## Problem to work on
Please print the entries exactly, omitting each image.

## Records for processing

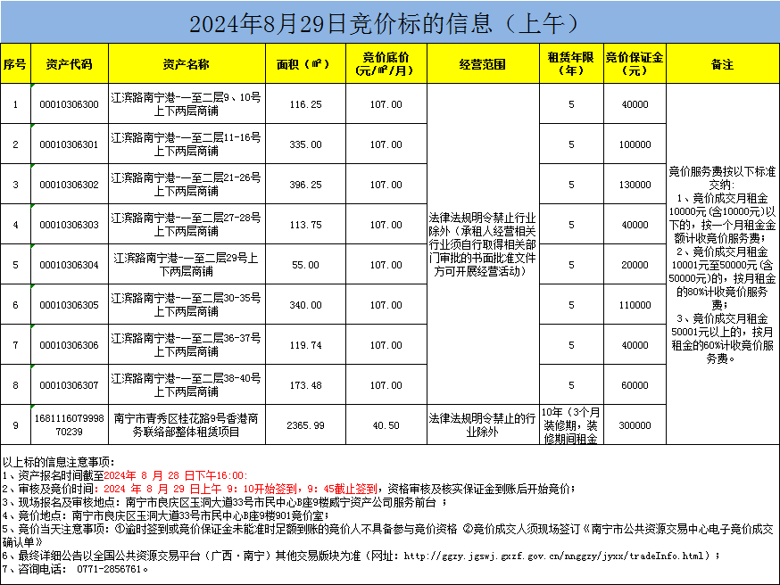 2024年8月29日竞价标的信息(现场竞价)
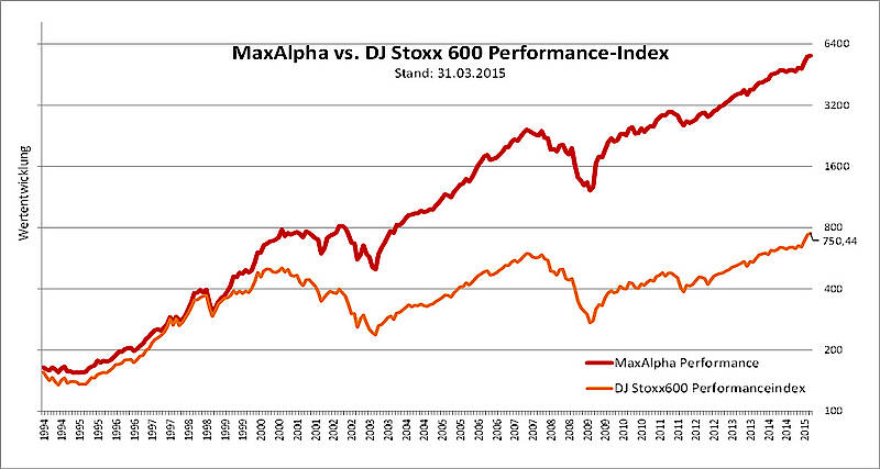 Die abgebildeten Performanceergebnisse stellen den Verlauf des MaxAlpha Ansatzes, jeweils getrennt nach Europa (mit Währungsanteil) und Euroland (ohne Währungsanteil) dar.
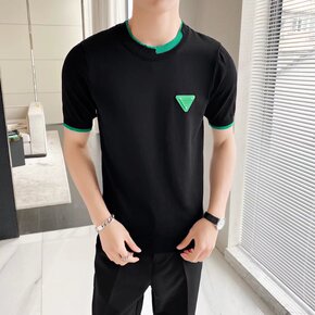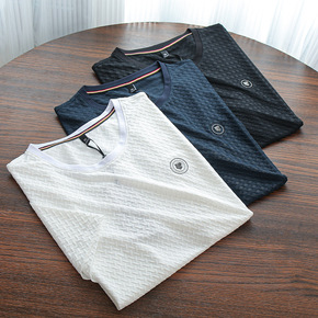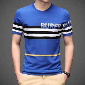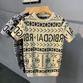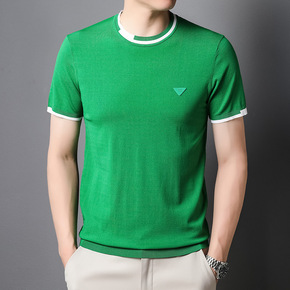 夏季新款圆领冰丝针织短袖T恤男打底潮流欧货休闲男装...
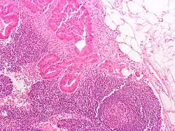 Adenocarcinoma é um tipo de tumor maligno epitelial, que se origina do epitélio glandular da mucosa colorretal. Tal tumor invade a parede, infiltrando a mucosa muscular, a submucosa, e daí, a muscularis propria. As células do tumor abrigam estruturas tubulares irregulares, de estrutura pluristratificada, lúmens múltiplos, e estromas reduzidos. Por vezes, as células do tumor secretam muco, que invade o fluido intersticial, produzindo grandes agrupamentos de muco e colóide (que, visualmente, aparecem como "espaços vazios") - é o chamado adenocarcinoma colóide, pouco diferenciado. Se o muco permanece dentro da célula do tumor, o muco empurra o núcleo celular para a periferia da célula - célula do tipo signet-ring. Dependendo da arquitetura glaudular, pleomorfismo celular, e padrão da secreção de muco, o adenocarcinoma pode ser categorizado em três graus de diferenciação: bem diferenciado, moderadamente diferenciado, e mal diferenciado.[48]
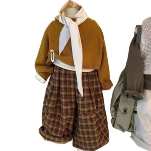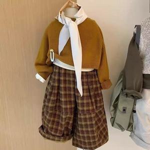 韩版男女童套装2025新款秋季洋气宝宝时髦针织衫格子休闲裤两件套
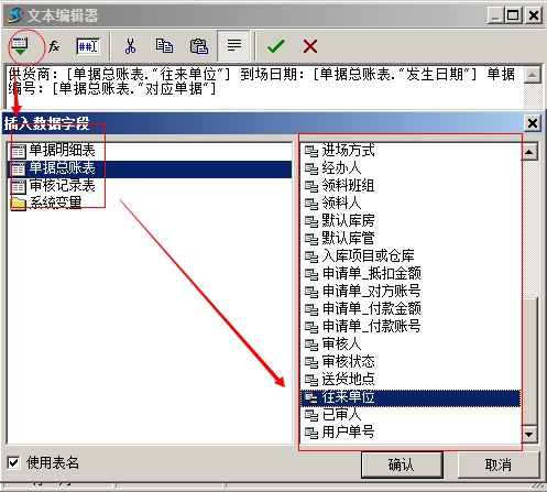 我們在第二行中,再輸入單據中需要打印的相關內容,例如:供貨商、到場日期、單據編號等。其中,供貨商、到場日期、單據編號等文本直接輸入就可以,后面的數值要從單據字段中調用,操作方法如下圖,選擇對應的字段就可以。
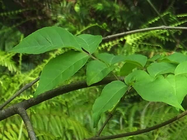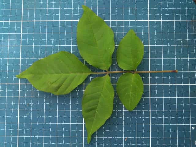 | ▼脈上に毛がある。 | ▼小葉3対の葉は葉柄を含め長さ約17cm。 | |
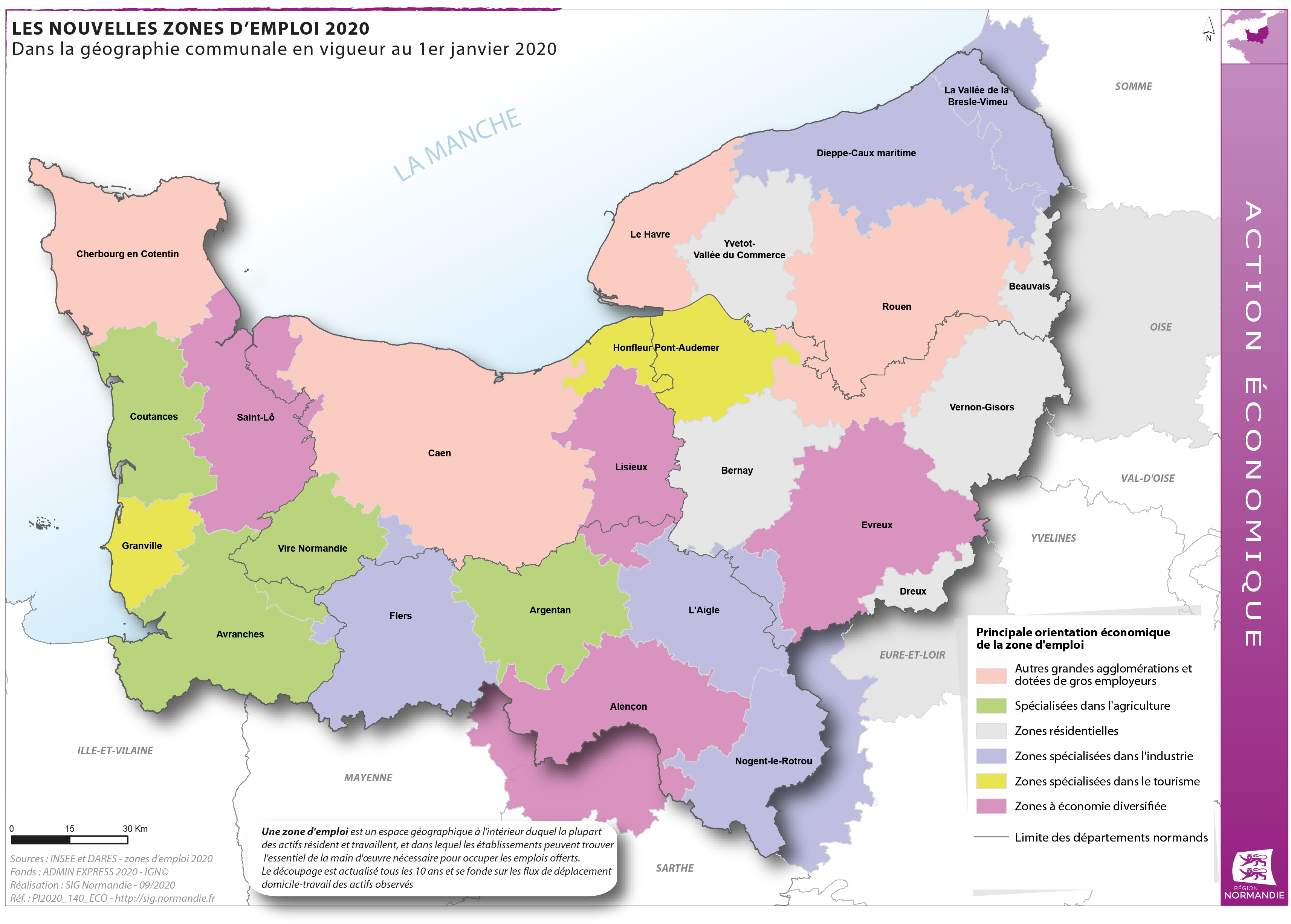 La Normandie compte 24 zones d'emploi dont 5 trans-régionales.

## The completed task
 2024年8月29日竞价标的信息(现场竞价)
 Die abgebildeten Performanceergebnisse stellen den Verlauf des MaxAlpha Ansatzes, jeweils getrennt nach Europa (mit Währungsanteil) und Euroland (ohne Währungsanteil) dar.
 夏季新款圆领冰丝针织短袖T恤男打底潮流欧货休闲男装...
 Adenocarcinoma é um tipo de tumor maligno epitelial, que se origina do epitélio glandular da mucosa colorretal. Tal tumor invade a parede, infiltrando a mucosa muscular, a submucosa, e daí, a muscularis propria. As células do tumor abrigam estruturas tubulares irregulares, de estrutura pluristratificada, lúmens múltiplos, e estromas reduzidos. Por vezes, as células do tumor secretam muco, que invade o fluido intersticial, produzindo grandes agrupamentos de muco e colóide (que, visualmente, aparecem como "espaços vazios") - é o chamado adenocarcinoma colóide, pouco diferenciado. Se o muco permanece dentro da célula do tumor, o muco empurra o núcleo celular para a periferia da célula - célula do tipo signet-ring. Dependendo da arquitetura glaudular, pleomorfismo celular, e padrão da secreção de muco, o adenocarcinoma pode ser categorizado em três graus de diferenciação: bem diferenciado, moderadamente diferenciado, e mal diferenciado.[48]
 韩版男女童套装2025新款秋季洋气宝宝时髦针织衫格子休闲裤两件套
 我們在第二行中,再輸入單據中需要打印的相關內容,例如:供貨商、到場日期、單據編號等。其中,供貨商、到場日期、單據編號等文本直接輸入就可以,后面的數值要從單據字段中調用,操作方法如下圖,選擇對應的字段就可以。
 | ▼脈上に毛がある。 | ▼小葉3対の葉は葉柄を含め長さ約17cm。 | |
 La Normandie compte 24 zones d'emploi dont 5 trans-régionales.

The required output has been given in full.